Different ways to use cottonseed: Making the crop sustainable by using the entire crop

PYCO industries in Lubbock turns cottonseed into four products.
Published: Sep. 24, 2023 at 8:59 PM CDT
Email This Link
Share on Pinterest
Share on LinkedIn

LUBBOCK, Texas (KCBD) - The fiber that comes from cotton makes everyday products like clothes and linens, but most people don’t think about another part of the crop that is also in our everyday life. Cottonseed is made into products we use daily.

Once the cotton gins separate the fiber from the seed, that seed isn’t thrown away. It’s sent to cottonseed cooperatives like PYCO Industries on Avenue A and East 34th Street in Lubbock.

The president of the company, Robert Lacy, said there it’s made into four different products.

“It’s in all kinds of products across from the East coast to the West coast,” Lacy said.

One way the seed is used is to feed our dairy source. Lacy said PYCO makes two types of cattle feed, cottonseed hulls and cottonseed meal.

“In this area the cottonseed’s, 50% of it or more, probably 60% of it, is fed to dairy cattle,” Lacy said.

You have probably eaten it through the oil that can be made from the seed.
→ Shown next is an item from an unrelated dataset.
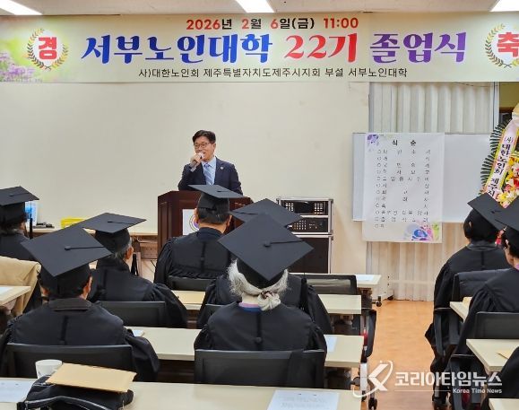 코리아타임뉴스 노승선 기자 | 현원돈 제주시 부시장은 2월 6일 제주시 서부노인복지회관에서 열린 제22기 서부노인대학 졸업식에 참석해 어르신들께 존경의 마음을 전했다.
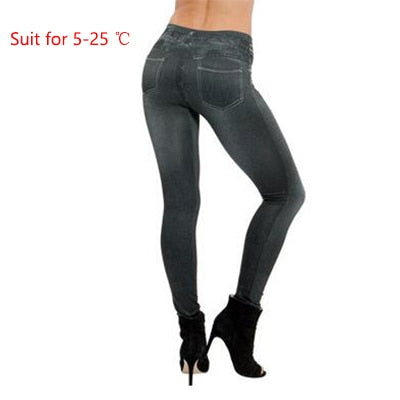 Gtpdpllt S-XXL Sexy Leggings Women Lined Spring Autumn Print Jeans Sportwear Slim Jeggings Two Real Pockets Woman Fitness Pants

“Cottonseed oil is used in margarines, shortenings; the biggest use for it for us in the chip market,” Lacy said.

You may recognize some of the brands that use cottonseed oil in their products. Lacy said On the Border cooks its chips in cottonseed oil along with many other companies because of the benefits. Lacy said the oil has a high smoke point and high flash point.

“When they cook in that high heat, it doesn’t start catching on fire or smoke or anything else like that,” Lacy said.

Although you’ve probably eaten it, you most likely didn’t taste it. Lacy said it has a neutral, bland flavor that the companies like because it brings out the flavor of the product.

“So, if you cook a potato chip you taste potato. If you cook fish, you taste the fish, you don’t taste the oil,” Lacy said. “Other oils have a taste that they carry with it, a nutty or some kind of other flavor.”

PYCO also makes cotton linters, which are the short fibers attached to the seed that can be used for many things like paper.

Lacy said all of these products make cotton a sustainable crop because nothing is wasted.

“Every pound of the seed that comes into here we’ll use in some sort of a product,” Lacy said. “So, everything that a cotton plant produces is used.”

Cotton harvest is coming up and Lacy expects the gins to get the first batch of seed to PYCO Industries in November.